It seems like there’s relatively small set of custom markers and libraries can document which ones they support and try to have informal consensus. I’d expect all nvidia maintained packages to pick consistent marker name and then other libraries like pytorch/tensorflow that are gpu sensitive can align. Similarly numpy/scipy/python-flint can decide on their own which custom marker they’ll use.

edit: This is similar to extras except here you define marker once and all packages/dependencies use it in consistent manner. So if tensorrt depends on tensorflow/onnx/other packages that use gpu you are choosing cuda11 flavor for all of them.

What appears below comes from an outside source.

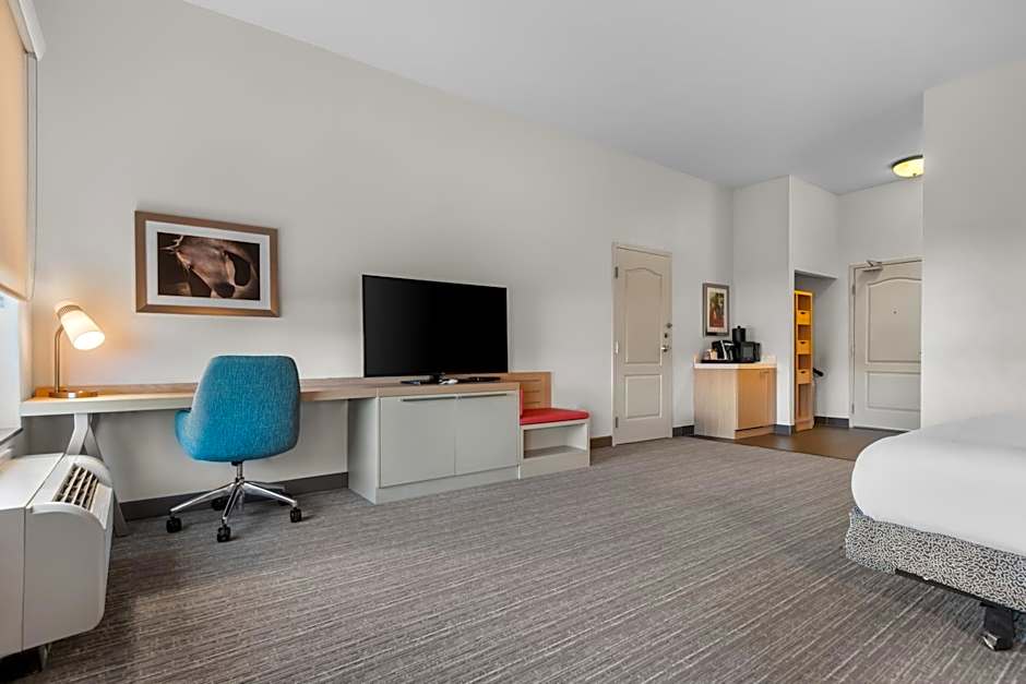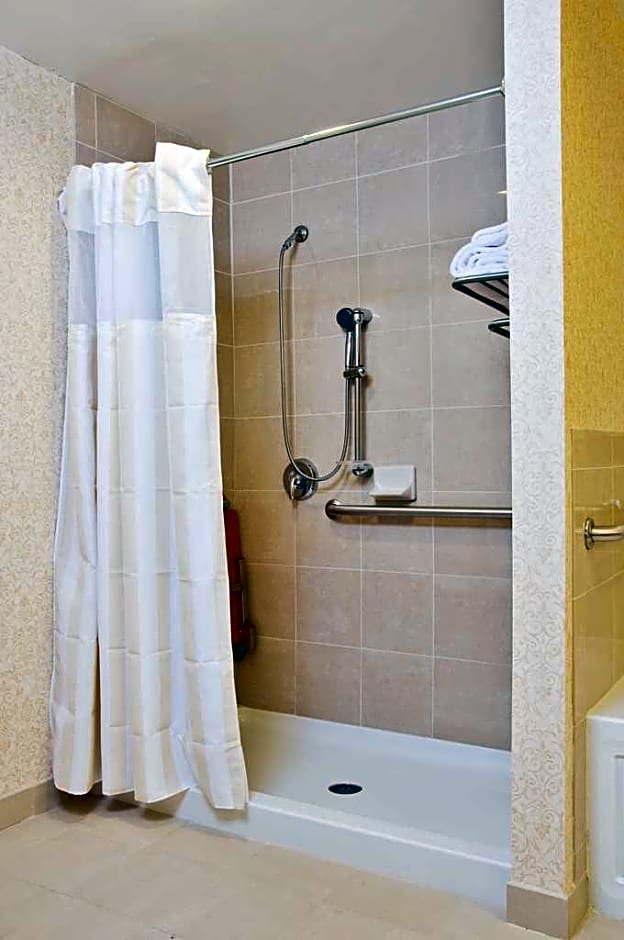 This mobility and hearing accessible standard room features one king-sized bed, and a roll-in shower. The room also has a visual alarm, and notification devices for the doorbell or door knock and incoming telephone calls. Roll-in shower with attached accessible seating, lowered vanity in bathroom, and lowered closet shelf. Enjoy our 36-inch HDTV, microwave, refrigerator and coffee/tea in your room. And for conducting business, our rooms ensure your productivity thanks to the spacious work desk, two telephones with dataport and voicemail and complimentary WiFi access and ergonomic chair. Any corresponding photo may not reflect the specific accessible room type or room feature.
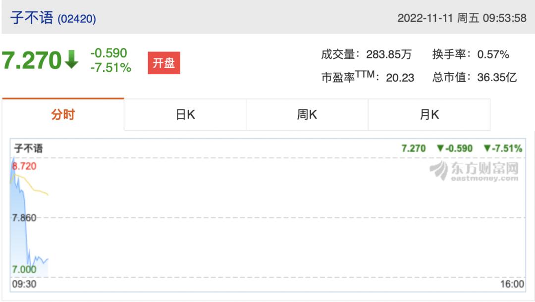 11月11日,跨境电商企业子不语正式登陆港交所,股票代码为02420.HK,开盘涨7.51%,报8.57港元每股,随后高开低走,现报7.27港元每股,低于发行价7.86港元,总市值36.35亿港元。

dhellmann · May 17, 2024, 7:37pm

I agree those are separate. I assert that 1 is more important for this part of the ecosystem. There are way more people installing these pre-built wheels than building them. If we can only work on part of the solution, we should focus on that first one.

I don’t think we need to block on it, but if we could come up with a way to provide for these sorts of extensions without having to change the wheel standard each time there’s a new reason for an extension, that seems ideal. This space is evolving pretty quickly, especially with new hardware, so it’s likely we’ll see new variations as well as new reasons for variations in the next couple of years.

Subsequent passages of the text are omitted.